Print, in exact form, the lines below from the one containing "Hinter der schwarzen" through the one containing "kelt ein vollwertiges", and omit all others.
[Supplied material — start]
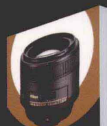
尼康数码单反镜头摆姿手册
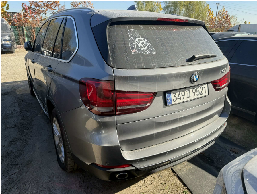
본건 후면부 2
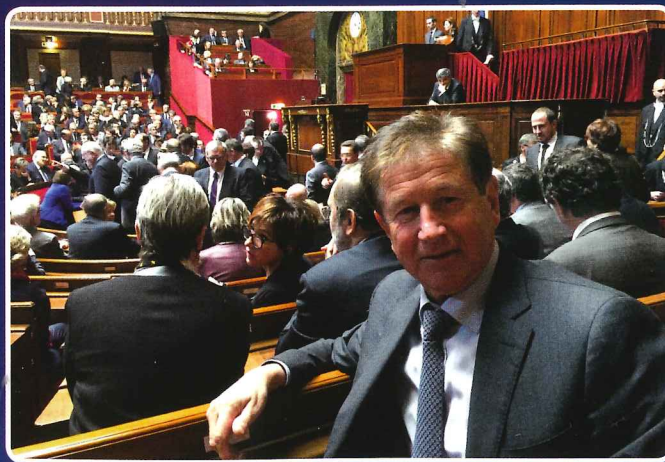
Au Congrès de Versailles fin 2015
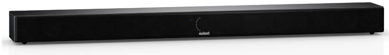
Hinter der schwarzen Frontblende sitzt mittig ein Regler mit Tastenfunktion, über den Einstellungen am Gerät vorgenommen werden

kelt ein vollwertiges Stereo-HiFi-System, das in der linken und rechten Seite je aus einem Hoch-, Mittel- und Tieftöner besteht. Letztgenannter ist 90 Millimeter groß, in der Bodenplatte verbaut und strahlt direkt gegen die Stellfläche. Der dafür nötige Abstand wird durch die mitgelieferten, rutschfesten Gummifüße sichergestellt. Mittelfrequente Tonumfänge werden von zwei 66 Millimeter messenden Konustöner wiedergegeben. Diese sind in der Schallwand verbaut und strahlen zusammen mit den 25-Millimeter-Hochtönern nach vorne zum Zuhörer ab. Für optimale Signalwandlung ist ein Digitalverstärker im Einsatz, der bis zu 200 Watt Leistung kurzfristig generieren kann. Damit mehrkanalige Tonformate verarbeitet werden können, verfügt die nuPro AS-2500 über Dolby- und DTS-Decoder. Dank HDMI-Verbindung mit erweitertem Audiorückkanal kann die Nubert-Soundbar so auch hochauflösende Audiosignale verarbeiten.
[Supplied material — finish]
[Supplied material — start]
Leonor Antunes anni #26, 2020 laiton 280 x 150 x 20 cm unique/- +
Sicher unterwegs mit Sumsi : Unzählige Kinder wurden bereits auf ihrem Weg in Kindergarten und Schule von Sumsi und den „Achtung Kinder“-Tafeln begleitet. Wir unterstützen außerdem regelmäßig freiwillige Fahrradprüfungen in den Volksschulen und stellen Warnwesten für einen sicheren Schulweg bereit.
[Supplied material — finish]
» Result of the exercise
Hinter der schwarzen Frontblende sitzt mittig ein Regler mit Tastenfunktion, über den Einstellungen am Gerät vorgenommen werden

kelt ein vollwertiges Stereo-HiFi-System, das in der linken und rechten Seite je aus einem Hoch-, Mittel- und Tieftöner besteht. Letztgenannter ist 90 Millimeter groß, in der Bodenplatte verbaut und strahlt direkt gegen die Stellfläche. Der dafür nötige Abstand wird durch die mitgelieferten, rutschfesten Gummifüße sichergestellt. Mittelfrequente Tonumfänge werden von zwei 66 Millimeter messenden Konustöner wiedergegeben. Diese sind in der Schallwand verbaut und strahlen zusammen mit den 25-Millimeter-Hochtönern nach vorne zum Zuhörer ab. Für optimale Signalwandlung ist ein Digitalverstärker im Einsatz, der bis zu 200 Watt Leistung kurzfristig generieren kann. Damit mehrkanalige Tonformate verarbeitet werden können, verfügt die nuPro AS-2500 über Dolby- und DTS-Decoder. Dank HDMI-Verbindung mit erweitertem Audiorückkanal kann die Nubert-Soundbar so auch hochauflösende Audiosignale verarbeiten.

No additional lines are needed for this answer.